1940.10.17.De Charles Dieudonné - journal La France au Travail.Article

NB : Cet article provient d'un recueil de coupures de presse datées du 17 octobre 1940 au 21 décembre 1941, qui est classé au 17 octobre 1940.

La France au travail
17 octobre 1940

"La bonne foi nécessaire - Il sera bien difficile de recommencer à vivre"

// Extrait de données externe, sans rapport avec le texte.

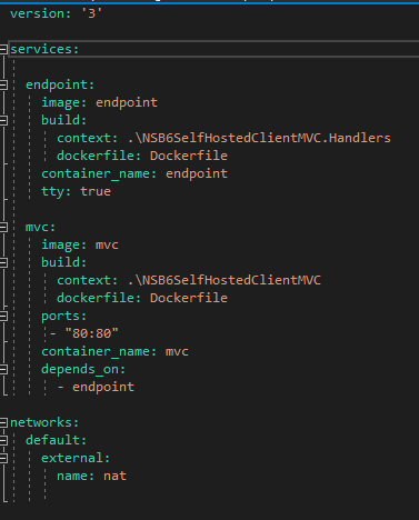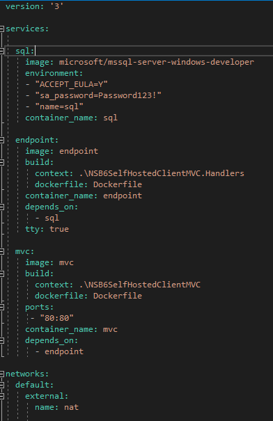 networks: I alluded to this in the previous section when talking about passing innatfor the--networkparameter.natis the default network created in which your containers will run if you do not specify other network options in Docker. Since I need all three of my containers to talk to each other, I specify the that all three containers use the same network name (nat) at the end of the yml file.depends_on: this allows containers to be "ordered" for startup. In this case, I need the sql server container created first so the endpoint container can use it for NServiceBus persistence. I need the mvc container to start last, because the endpoint container runs theSqlHelper.EnsureDatabaseExists(connection);check to build the persistence database and schema.

Les mensonges qui nous ont fait tant de mal ne sont pas encore dissipés. Il y a, en France, beaucoup de francs-maçons qui maudissent ouvertement les sociétés secrètes et qui préparent en secret de nouvelles sociétés. Depuis le 15 juin, le juif est presque introuvable. Tel qui fréquentait la synagogue et se soumettait aux règles du sabbat ne rate plus une messe et jeûne tous les vendredis. Avec de bonnes rentes, c'est bien le diable si l'on ne peut pas se dégoter deux grands-mères aryennes et un grand-père déjà converti. Quand il s'appelle le comte de Francfort ou le baron de Cisailles, M. Kohn ou M. Lévy se croit à l'abri des décrets. Le bourgeois déclare d'un ton grave : "La crise est terrible. Chacun devra consentir des sacrifices. Et il pense, à part soi : "Comment vais-je me tirer d'affaire ?" On parle d'une économie révolutionnaire et il n'est personne qui ne se dise prêt à accepter les idées nouvelles. Il faut vivre avec son temps, voyons ! Mais les préjugés sont tenaces. Sur cinq français, il y en a quatre qui ne peuvent concevoir un monde où le profit ne régnerait point en maître. L'immense majorité persiste à croire que la richesse crée le travail, alors que c'est le travail, au contraire, qui crée la richesse. Aucun redressement véritable n'est possible si l'on ne se décide pas à jouer franc-jeu. La partie de cache-cache entre les deux France, durera-t-elle longtemps encore ? Vichy ne met qu'une bonne volonté apparente à faciliter la reprise économique. On apprend avec stupeur que le chef du cabinet de la Production est un ancien fondé de pouvoirs de la Banque Worms. En zone non occupée, les directeurs d'une importante société qui administre tout ensemble de grands magasins et de grands hôtels tiennent des conciliabules avec le manitou d'un établissement de crédit en Suisse, M. Grandjean, qui a toujours servi les intérêts financiers de l'Angleterre. Le département de la Seine manque de carburants. Il avait droit à plus de 8 millions de litres d'essence au mois d'août. Il n'en a reçu que 3.300.000. Tout le reste a été vendu à 20 ou 30 F le litre par les hommes de paille de la Standard Oil, de la Shell ou de l'Anglo-Iranian Cy. Nous sommes dans une impasse ? La combine, la contrebande et la resquille ne nous en feront pas sortir. La bonne foi est plus que jamais nécessaire. À l'Europe de demain, la France peut apporter sa collaboration. Mais il faut que cette collaboration soit loyale.